### WORK ORDER
These records contain pictures, which must be left out; copy exactly the lines from the one with "1 on a question." up to and including the one with "特別的情侶裝厚T恤美式復古寬鬆設計感短款男女情侶裝秋季印花潮牌".

+ + + + + + +

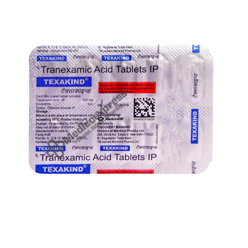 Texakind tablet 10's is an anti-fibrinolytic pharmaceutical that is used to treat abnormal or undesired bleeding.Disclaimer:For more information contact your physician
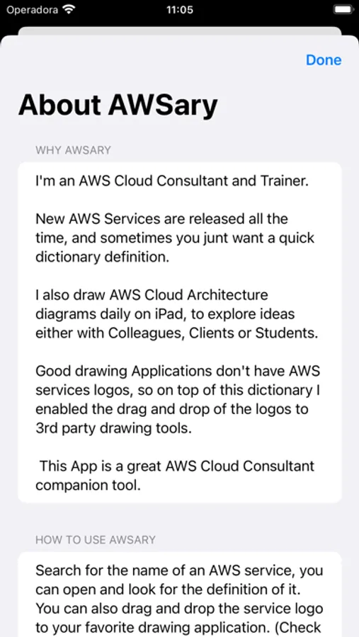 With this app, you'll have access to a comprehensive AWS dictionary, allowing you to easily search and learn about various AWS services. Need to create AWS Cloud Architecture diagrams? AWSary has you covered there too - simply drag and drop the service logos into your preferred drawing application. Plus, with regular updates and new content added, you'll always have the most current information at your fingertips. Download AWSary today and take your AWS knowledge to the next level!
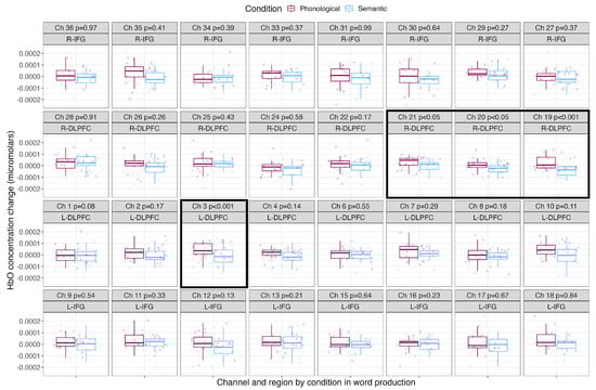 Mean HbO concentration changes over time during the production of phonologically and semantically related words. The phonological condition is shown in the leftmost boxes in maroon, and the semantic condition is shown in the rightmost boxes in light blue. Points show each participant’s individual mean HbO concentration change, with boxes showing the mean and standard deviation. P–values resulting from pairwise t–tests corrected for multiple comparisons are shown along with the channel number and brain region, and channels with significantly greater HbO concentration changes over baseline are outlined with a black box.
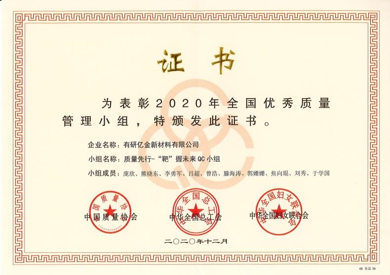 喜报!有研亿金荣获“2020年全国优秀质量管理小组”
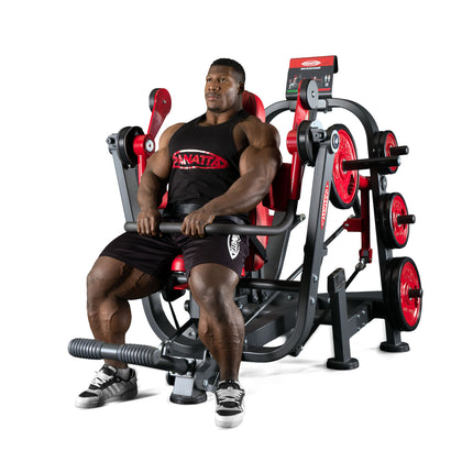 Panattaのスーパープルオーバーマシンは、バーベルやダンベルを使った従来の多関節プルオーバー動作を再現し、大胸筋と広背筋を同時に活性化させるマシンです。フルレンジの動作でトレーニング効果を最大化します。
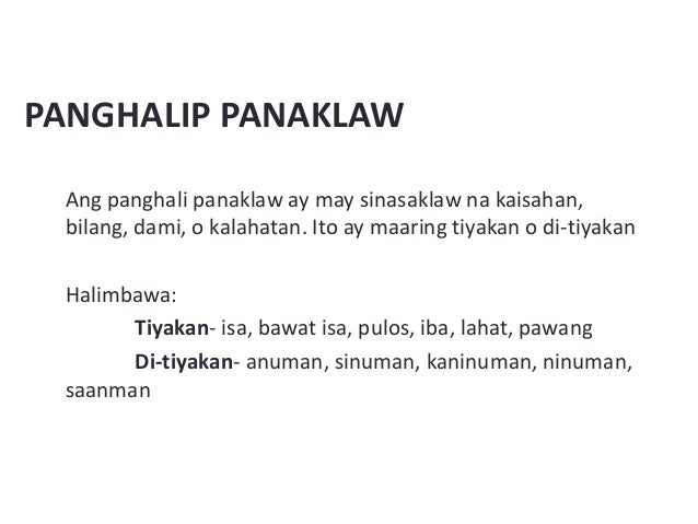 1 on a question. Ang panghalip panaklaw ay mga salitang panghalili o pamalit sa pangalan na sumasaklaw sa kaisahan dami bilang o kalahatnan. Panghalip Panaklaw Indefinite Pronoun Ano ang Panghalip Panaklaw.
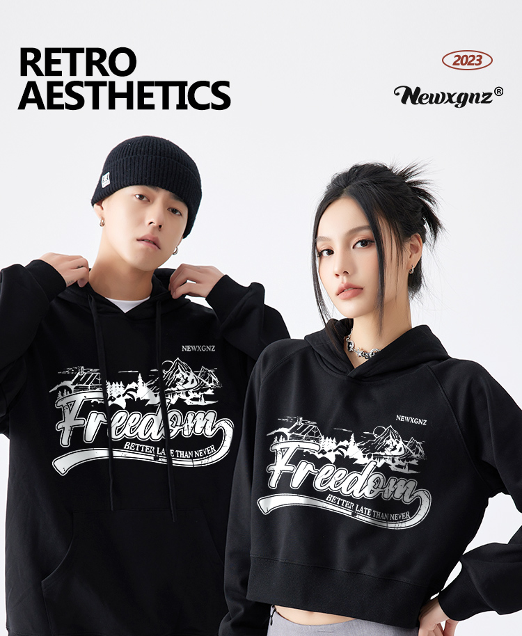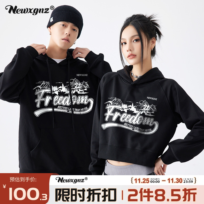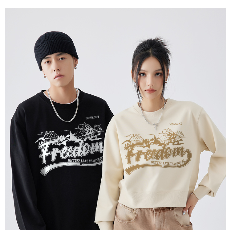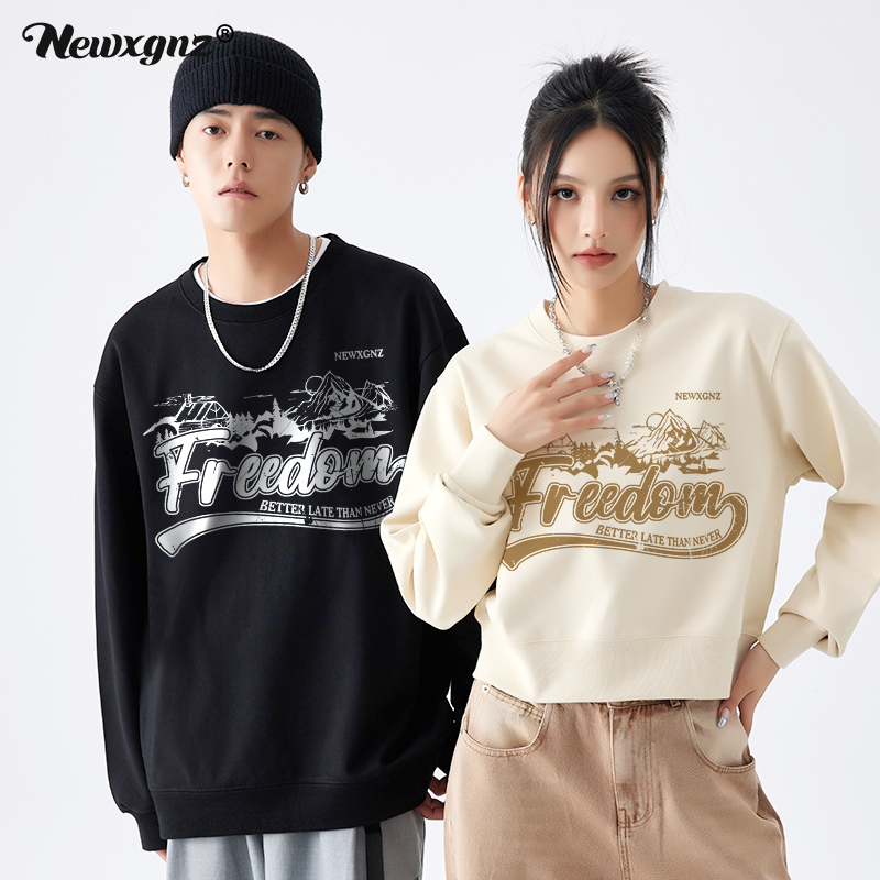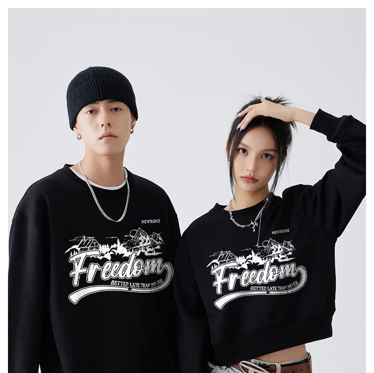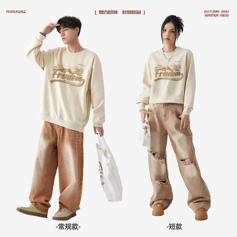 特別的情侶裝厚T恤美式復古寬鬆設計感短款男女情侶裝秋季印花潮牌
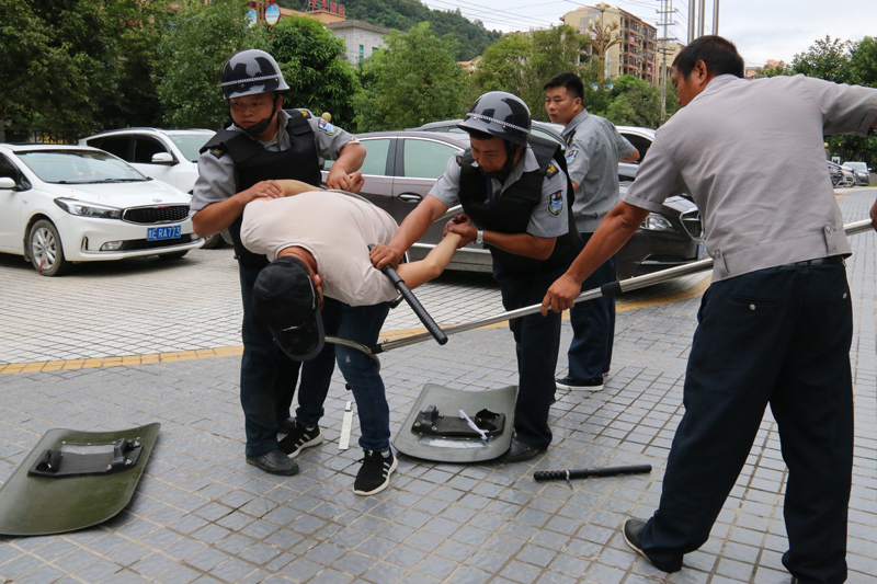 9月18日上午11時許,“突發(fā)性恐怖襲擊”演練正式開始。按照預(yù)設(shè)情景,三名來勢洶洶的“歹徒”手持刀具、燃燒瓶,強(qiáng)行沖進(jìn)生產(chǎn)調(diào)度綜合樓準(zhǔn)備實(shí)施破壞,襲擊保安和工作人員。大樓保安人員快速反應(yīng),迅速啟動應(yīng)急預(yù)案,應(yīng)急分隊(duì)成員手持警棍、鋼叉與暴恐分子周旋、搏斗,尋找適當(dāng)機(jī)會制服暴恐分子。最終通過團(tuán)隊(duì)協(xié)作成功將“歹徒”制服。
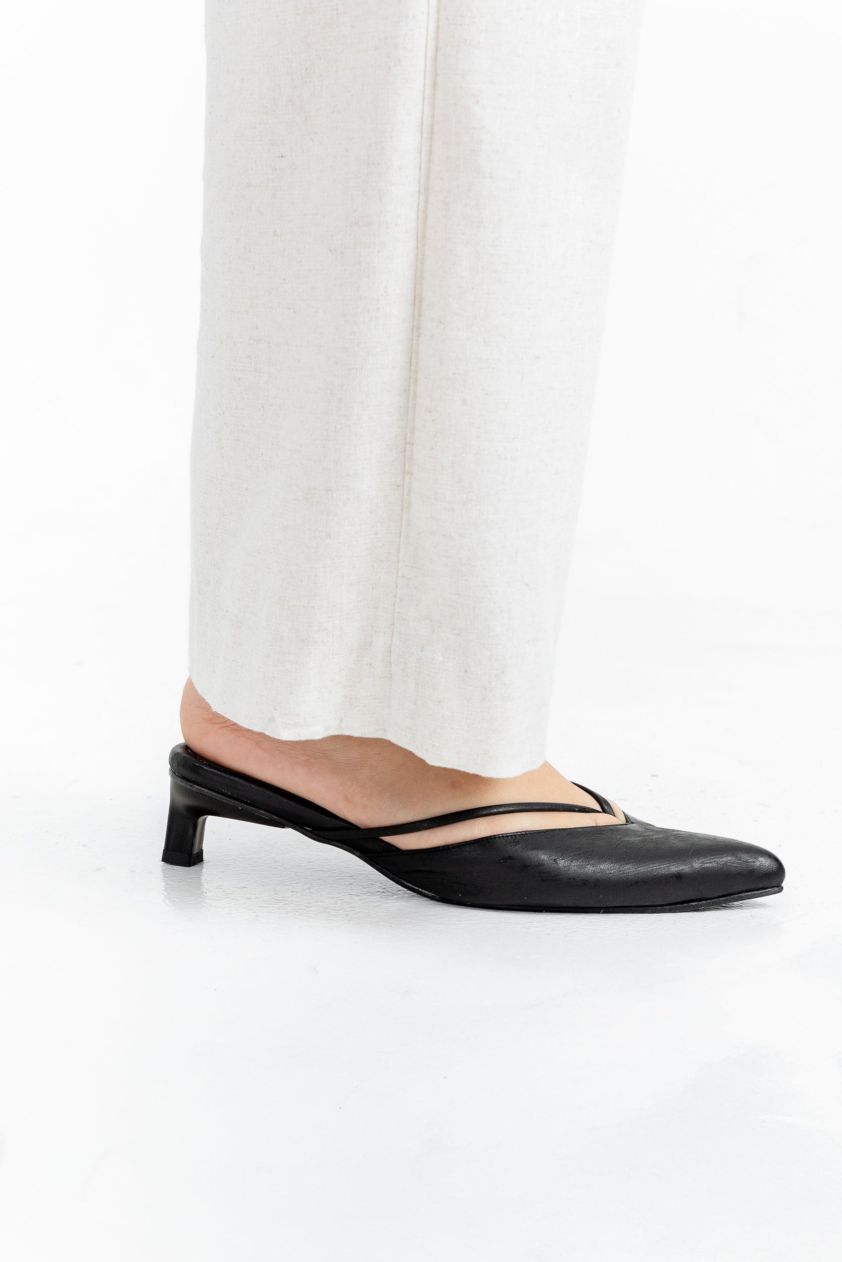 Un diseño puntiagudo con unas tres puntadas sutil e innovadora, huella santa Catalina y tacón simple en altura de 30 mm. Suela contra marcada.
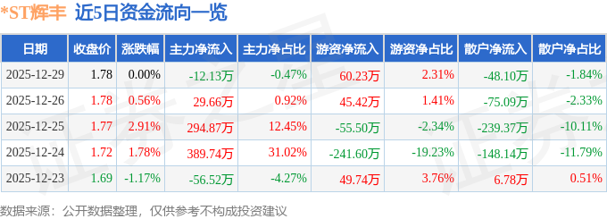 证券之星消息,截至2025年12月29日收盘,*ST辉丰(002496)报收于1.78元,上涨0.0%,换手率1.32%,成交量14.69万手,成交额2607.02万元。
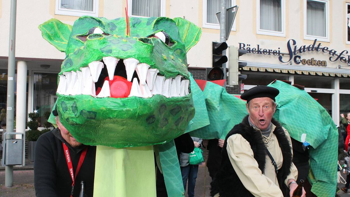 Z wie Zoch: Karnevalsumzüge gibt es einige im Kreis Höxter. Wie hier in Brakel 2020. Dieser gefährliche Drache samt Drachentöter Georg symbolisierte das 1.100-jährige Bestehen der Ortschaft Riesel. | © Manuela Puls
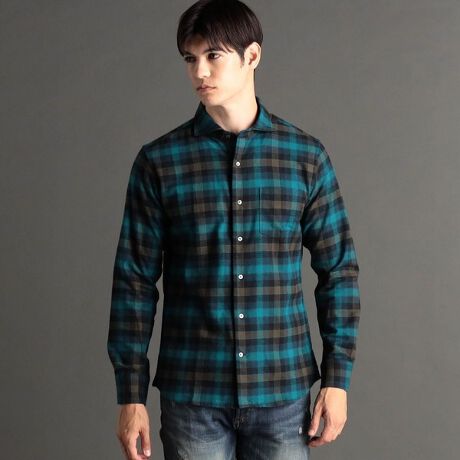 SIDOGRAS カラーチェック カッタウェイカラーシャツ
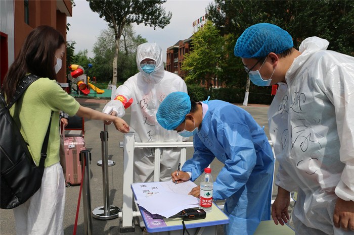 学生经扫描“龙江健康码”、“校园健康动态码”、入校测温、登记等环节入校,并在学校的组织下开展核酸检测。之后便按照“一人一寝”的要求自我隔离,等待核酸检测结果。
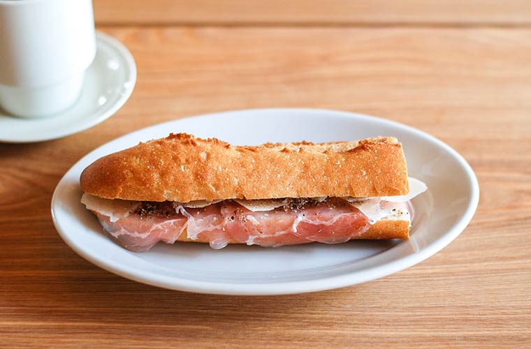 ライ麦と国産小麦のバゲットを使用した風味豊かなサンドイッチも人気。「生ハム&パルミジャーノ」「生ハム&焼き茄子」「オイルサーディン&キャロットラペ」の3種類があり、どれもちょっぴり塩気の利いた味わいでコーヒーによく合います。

+ + + + + + +

### RESPONSE TO THIS TASK
 1 on a question. Ang panghalip panaklaw ay mga salitang panghalili o pamalit sa pangalan na sumasaklaw sa kaisahan dami bilang o kalahatnan. Panghalip Panaklaw Indefinite Pronoun Ano ang Panghalip Panaklaw.
 特別的情侶裝厚T恤美式復古寬鬆設計感短款男女情侶裝秋季印花潮牌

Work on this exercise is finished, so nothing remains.